I have water availability of 0.12 in/in, with root depth set to 6in and allowed depletion set to 50%. This means that the range 0-100% on the chart represents 0.12 * 6 * 0.5 = 0.36". The top 6" of soil can hold 0.72" of water, with the top 50% of that (3") holding 0.36". I understand how the allowed depletion works, it’s a weird choice, but you get used to it. Nozzle precipitation is about 0.52in/h, with an 80% efficiency. This means 0.36" at 80% efficiency and 0.52in/h precipitation rate takes about 50 minutes (0.36 / 0.8 / 0.52 * 60 min). Back to my problem, here are the observed facts:
- Forecast says precipitation is a-coming - albeit at typically 20% chance, for a total of 0.5" or more. 0.36" will make the balance sheet exceed 100% regardless of starting point.
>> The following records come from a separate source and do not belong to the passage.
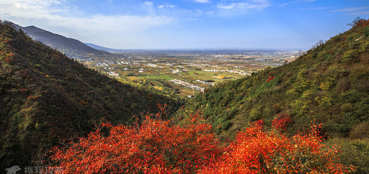 若漫步在通幽曲径上,便会看到棵棵黄栌红衣少女似的夹道迎宾。两边 树枝搭连,又似红色长廊。放眼山坡,一簇簇,一片片,加翠柏缀其间,颇显风韵,若是清晨,又遇朝阳甘露,更像红色绸缎上撒满了颗颗红色珍珠,闪烁着华美的光芒。
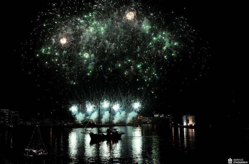 Øverste billede: 2017 var et travlt år for arkivets frivillige husfotograf, Ib Nicolajsen. Kulturhovedstadsåret bød på et væld af spændende arrangementer, og mange af dem blev dokumenteret af Ib Nicolajsen. Her er fyrværkeriet ud over bugten i forbindelse med det store åbningsshow blevet fanget i Ib Nicolajsens linse.
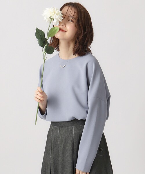【デザイン】クルーネックのシンプルデザインなので、オンでもオフでも着まわせるトップスです。カジュアルな雰囲気もあるドロップショルダーですが、きれいめな素材感を仕様したことでで、きちんと感をプラスしました。【スタイリング】センタープレス入りのワイドパンツやテーパードパンツと合わせていただくと、すっきりとしたオフィスカジュアルスタイルにマッチします。フレアシルエットのスカートと合わせていただくと、フェミニンで上品な印象で着ていただけます。落ち感のあるゆるシルエットのワイドパンツを合わせた、デイリーコーデもおすすめです。【素材】ダンボール組織のジョーゼット織で仕上げ、寒さが残る時期にも程よい肉感ときれい目で繊細な表面感を両立。ダンボール素材なので気になる着ぶくれも抑えてくれます。伸縮性を持たせたジャージ素材なので、リラクシーな着心地。モデル情報:身長166cm B81 W57 H86 着用サイズ:02(M)店舗へのお問い合わせ商品番号:741-18314●製品寸法:02(M):着丈59cm B130cm 袖丈39cm 肩幅70cm03(L):着丈61cm B138cm 袖丈40cm 肩幅71cm04(LL):着丈63cm B146cm 袖丈41cm 肩幅72cm備考:
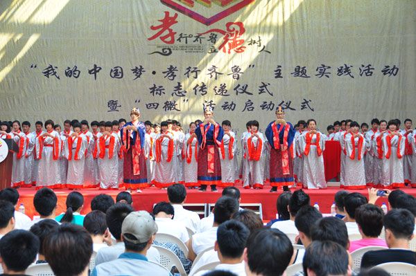 据了解,5月28日“我的中国梦·孝行齐鲁”主题实践活动启动以来,活动已经在我省149所高校90万大学生中陆续开展。活动以“孝”为中心,以“感恩、关爱、分享、传承”为理念,以曲阜为起点,推及17城市、百余所高校,分线路传递“孝心标志”并在高校中开展一系列孝心活动。激发高校广大青年学生从小事做起,从自身做起,从孝顺父母做起,由家及国,不断提升道德修养,让“孝文化”的正能量影响到每一位高校学子继而影响到全社会,成为实现我们伟大“中国梦”的强大精神动力。

- Rachio trusts that (despite the 20% chance) and assumes rain will compensate a watering skip
- Rain forgets to arrive, no precipitation, leaving the end balance back at 0%
- new day, repeat from step 1.
the lawn is therefore never watered. Even today, Rachio says, based on future forecast, that the next watering is June 21st. Forecast is rain every day, but so it was last week too. Still no rain, except for a 0.01" last night. 1.56" of rain in the last 77 days. Last real rain was 3" on Mar 23rd.
Possible solutions:
- take precipitation chance into account - dunno, maybe apply the chance % to the expected amount? More thought needs to be given here. A 20% chance of rain almost ALWAYS ends in no rain, or 0.01", or TRACE
- once future precipitation prediction was taken into account but not materialized, for the next watering chance, ignore the prediction once, allowing a watering to go through. It seems better to over water than not water at all?
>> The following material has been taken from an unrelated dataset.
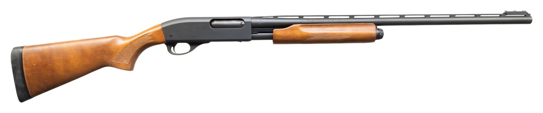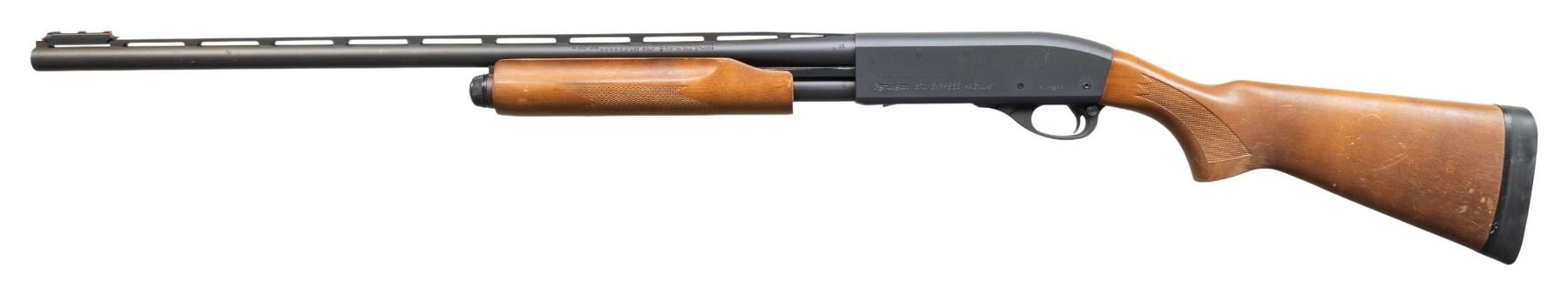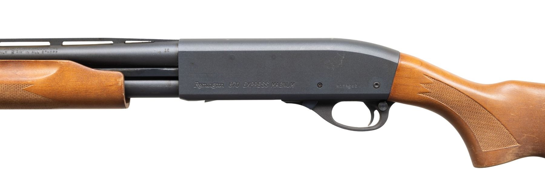 SHOTGUN. Cal. 20 GA, 2 3/4" or 3". S# B029262U. Bbl. 25 1/2". Model 870 Express Magnum pump action shotgun mfg. by Remington. Left side of the bbl. is marked with the cal. designation, with Remington's mfg. information marked on the right. Left side of the receiver is marked "Remington 870 EXPRESS MAGNUM", followed by the S#. Metal components exhibit a matte blue finish overall, save for on the aluminum trigger housing, which exhibits a matte black finish. Impress checkered wood pump with impress checkered pistol grip buttstock featuring a Remington black rubber recoil pad. Bbl. features a threaded Remington Modified choke, V/R, aluminum bead front sight, and added aftermarket red fiber optic front sight mounted behind the aluminum bead. CONDITION: metal components retain the majority of their original factory blue finish, exhibiting some spots of light wear, some superficial handling marks, as well as a few scattered spots of light to mild surface oxidation. Mirror bore. Proper manual mechanics. Wood furniture shows scattered marks and scratches from handling and storage, but otherwise remains sound. (25-4803/MLW). MODERN. $300-500.
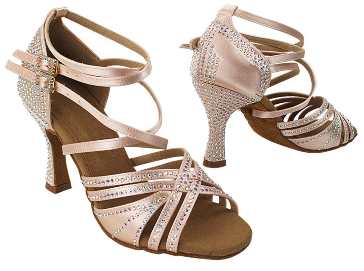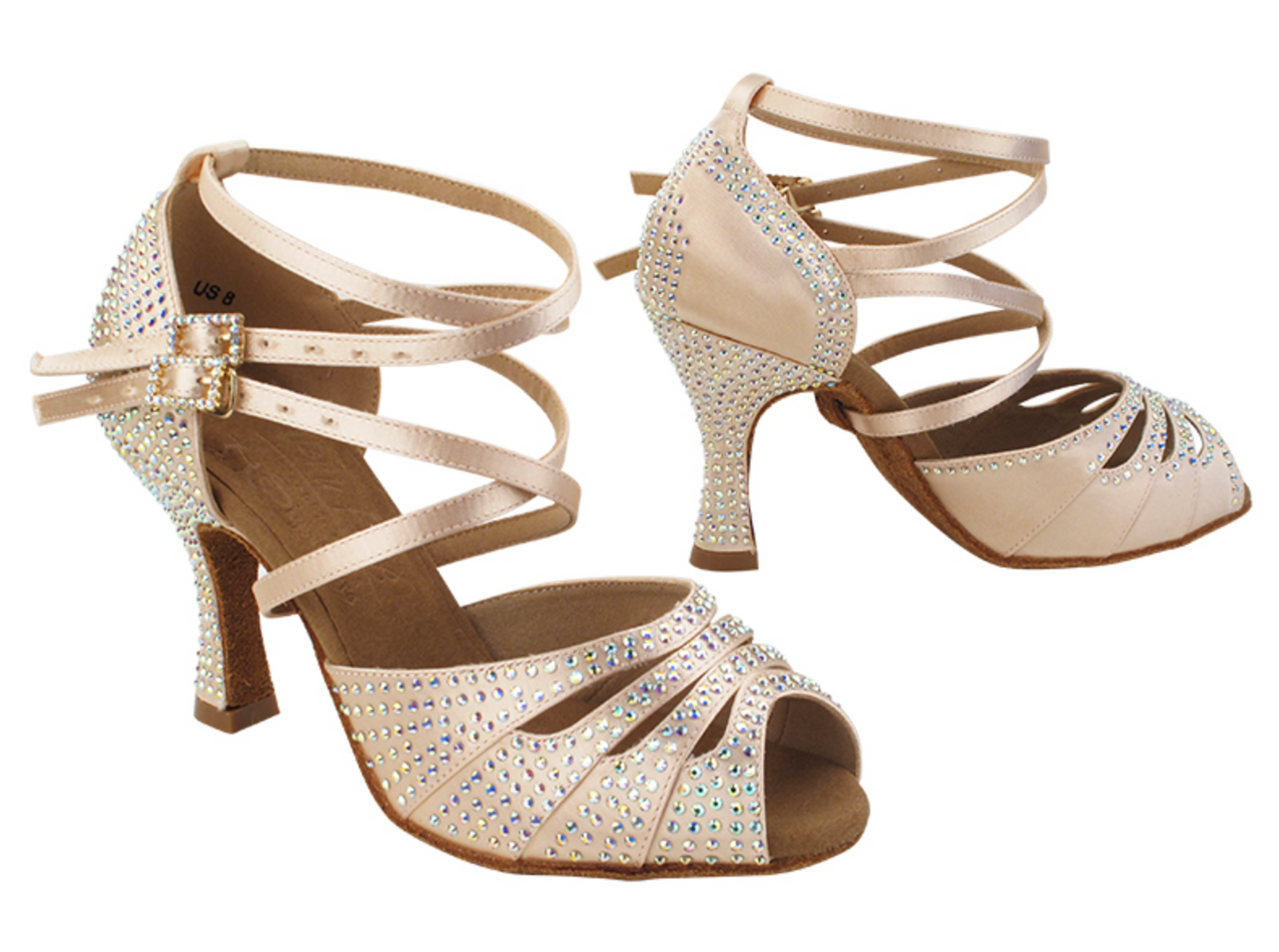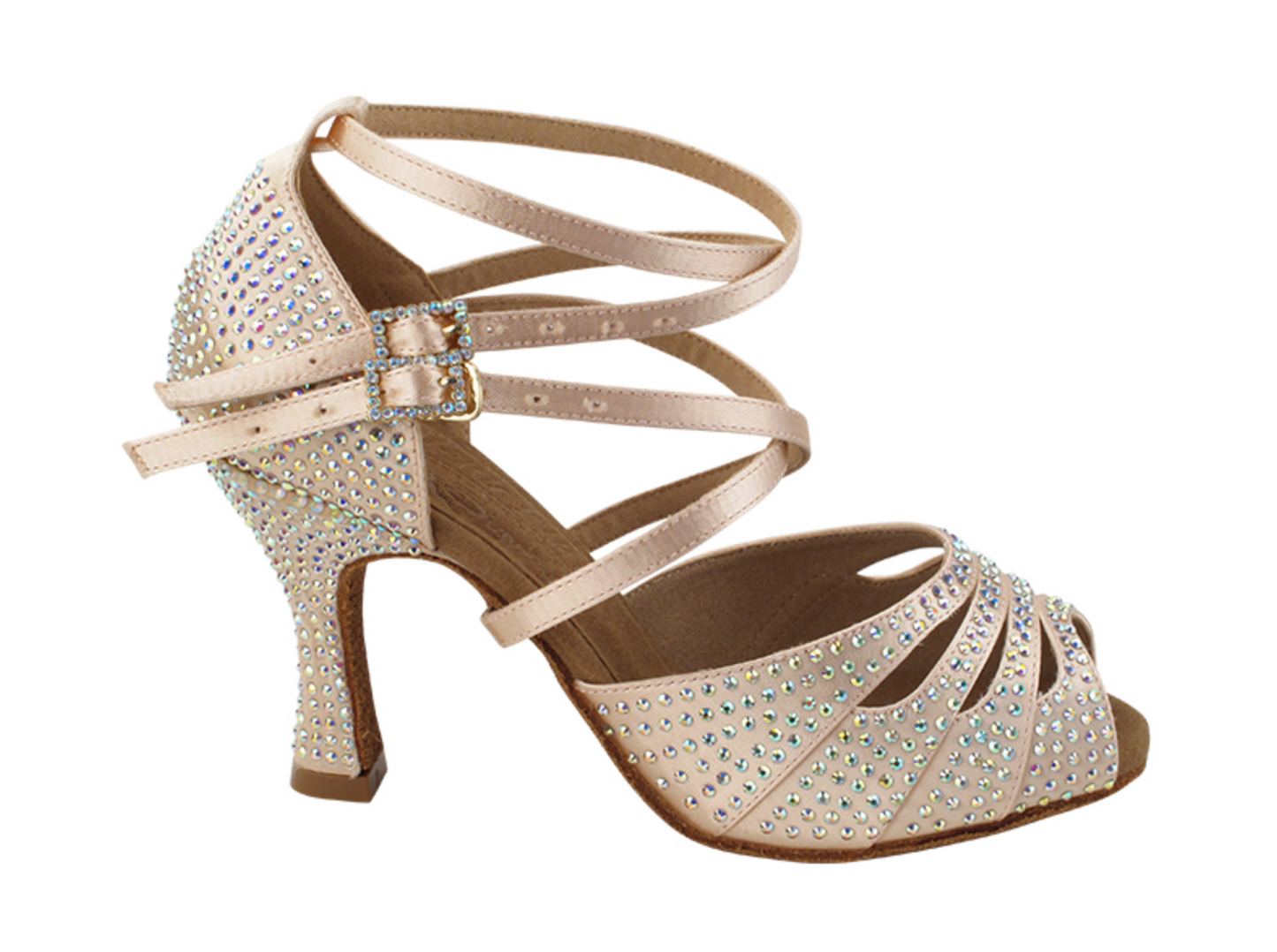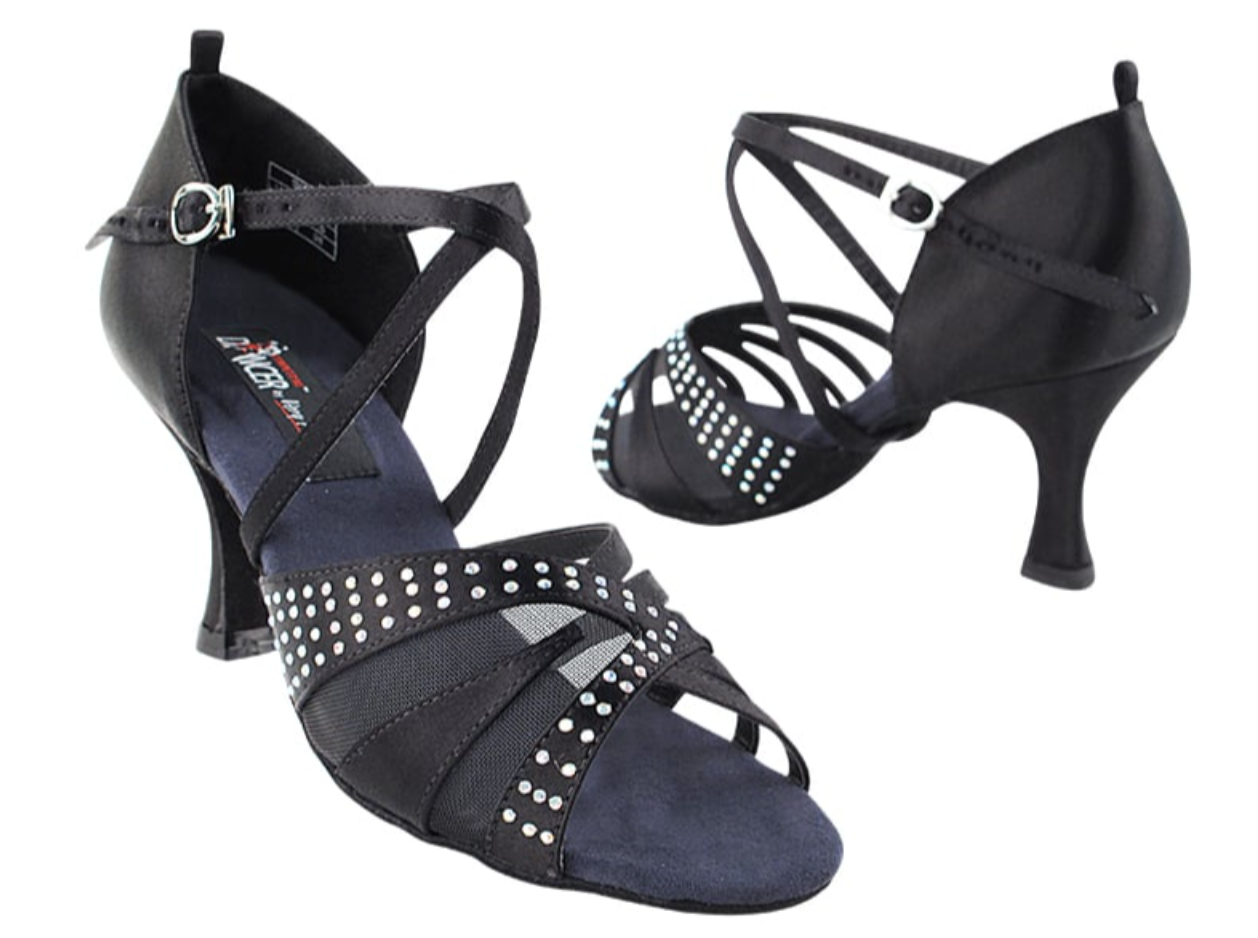 Ballroom dance shoes are flexible, allowing the shoe to follow the foot's movements. A good shoe not only allows a dancer to slide but also highlights footwork.

Another example: last Monday, I had watered manually and the 5 zones with new sod were somewhat mid range of moisture levels, with no planned watering for Tuesday (I can only water Tue, Thu, Sun). I had hit Empty on all 5 of them bringing them to 0%, this caused Rachio to show watering the next morning, Tuesday. Went to sleep happy that this is going to work, woke up to only 2 of the 5 actually having watered. What happened was that the precipitation amount expected has changed throughout the morning and each schedule had checked it an hour before it ran. As the predicted amount dropped, the last two schedules in the list of 5 were allowed to go ahead and water. I am using independent Flex Daily schedules for each zone to avoid the problem with end before sunrise, where regardless of how many zones will water, they start at a time as if all would water). I’ve been observing this for a while now, and am pretty sure I understand the workings. Again, Rachio works with the data it has, bad data leads to bad decisions. Let’s try and account for bad data, is what I’m proposing here.